As I understand it, PCA is implemented in Julia as a "model" from a quasi machine learning perspective, and offers basically no way to display easily all usual graphs, statistics and insights one usually need in exploratory PCA? (I mean, cos², contributions, etc.)

Is there any other Julia package more oriented towards exploratory multivariate analysis which could offer a rough equivalent of famous R packages such as FactoMineR or ade4?

Thanks!


Solution

  • Ok, so firstly you're putting the data in with the wrong orientation.

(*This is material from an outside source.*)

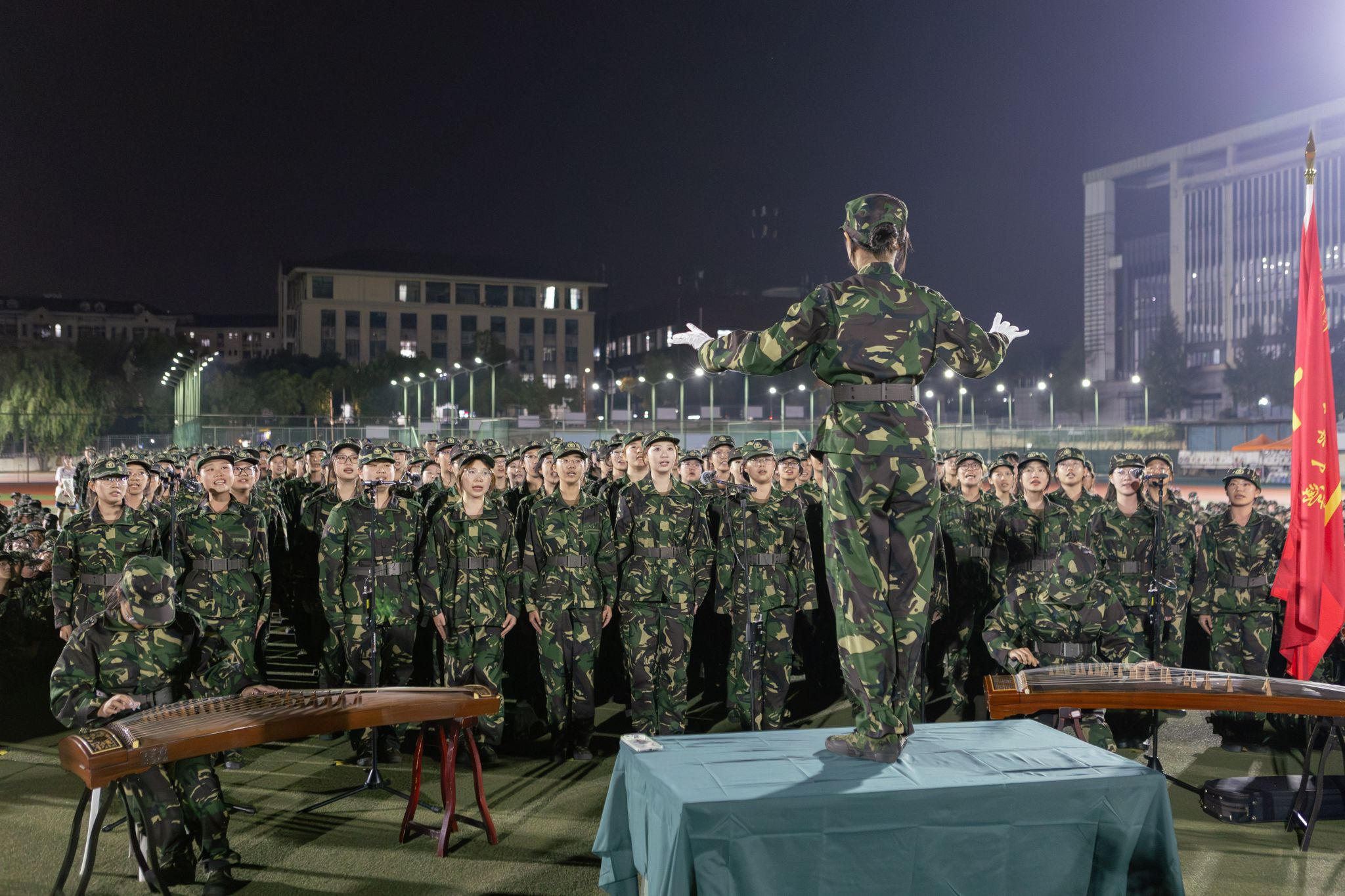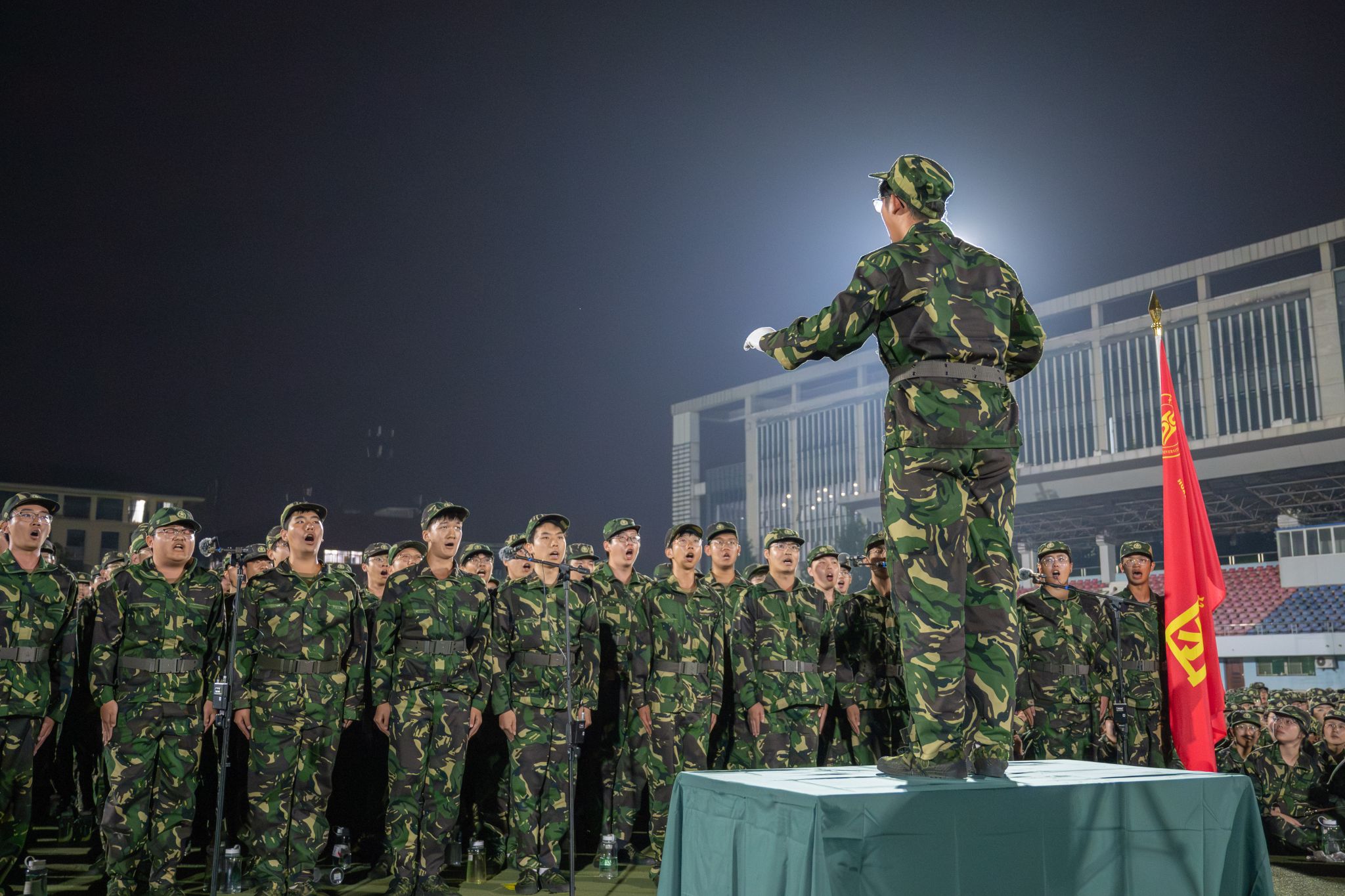 管乐声落,掌声未歇,拉歌对战的热情再度升温。红队四团以一首《歌唱祖国》震撼登场。“五星红旗迎风飘扬,胜利歌声多么响亮” 的旋律响彻夜空,同学们眼神坚定、歌声豪迈,将对祖国山河的热爱、对民族复兴的期盼融入每一句深情演唱,仿佛让人看见从抗战烽火中崛起的中华,正昂首阔步走向繁荣富强。蓝队二团一首《中国空军进行曲》,以激昂的曲调描绘战鹰呼啸、划破长空的场景,完美诠释了空天卫士的凌云壮志。同学们身姿挺拔,演唱铿锵有力,既展现了中国空军捍卫领空的坚定决心,也让 “强军有我” 的信念在每一位学子心中深深扎根。

As you can see from the docs

    fit(PCA, X; ...)
    Perform PCA over the data given in a matrix X. Each column of X is an observation.

    you need observations as columns and variables as rows. This may seem confusing given that we normally think of variables as columns, but it makes a bit more sense in the context of the underlying linear algebra. So to get that right, let's start with:

    using MultivariateStats, Statistics
    using RDatasets: dataset
    
    iris = dataset("datasets", "iris")
    iris_matrix = Array(iris[:, 1:4])'
    
    ## PCA model:
    M = fit(PCA, iris_matrix; pratio=1, maxoutdim=4)
    

    As you've noticed, this returns an object of type PCA. As it turns out, the available methods for this type are well described in the documentation:

    Properties

    Let M be an instance of PCA, d be the dimension of observations, and p be the output dimension (i.e the dimension of the principal subspace)

    indim(M)
    Get the input dimension d, i.e the dimension of the observation space.

    outdim(M)
    Get the output dimension p, i.e the dimension of the principal subspace.

    mean(M)
    Get the mean vector (of length d).

    projection(M)
    Get the projection matrix (of size (d, p)). Each column of the projection matrix corresponds to a principal component.

    The principal components are arranged in descending order of the corresponding variances.

    principalvars(M)
    The variances of principal components.

    tprincipalvar(M)
    The total variance of principal components, which is equal to sum(principalvars(M)).

    tresidualvar(M)
    The total residual variance.

    tvar(M)
    The total observation variance, which is equal to tprincipalvar(M) + tresidualvar(M).

    principalratio(M)
    The ratio of variance preserved in the principal subspace, which is equal to tprincipalvar(M) / tvar(M).

    but if you didn't know that or had trouble finding the docs, you could get a full list of all the available methods (as for any type in Julia) by using the methodswith function -- in this case specifically methodswith(PCA).

    Key among these is projection, which gives us the actual projection matrix:

    julia> proj = projection(M)
    4×4 Matrix{Float64}:
     -0.361387    0.656589  -0.58203     0.315487
      0.0845225   0.730161   0.597911   -0.319723
     -0.856671   -0.173373   0.0762361  -0.479839
     -0.358289   -0.075481   0.545831    0.753657
    

    As the documentation told us

    each column of the projection matrix corresponds to a principal component

    so proj[:,1] contains the weights / "loadings" for PC1, proj[:,2] contains the loadings for PC2, etc.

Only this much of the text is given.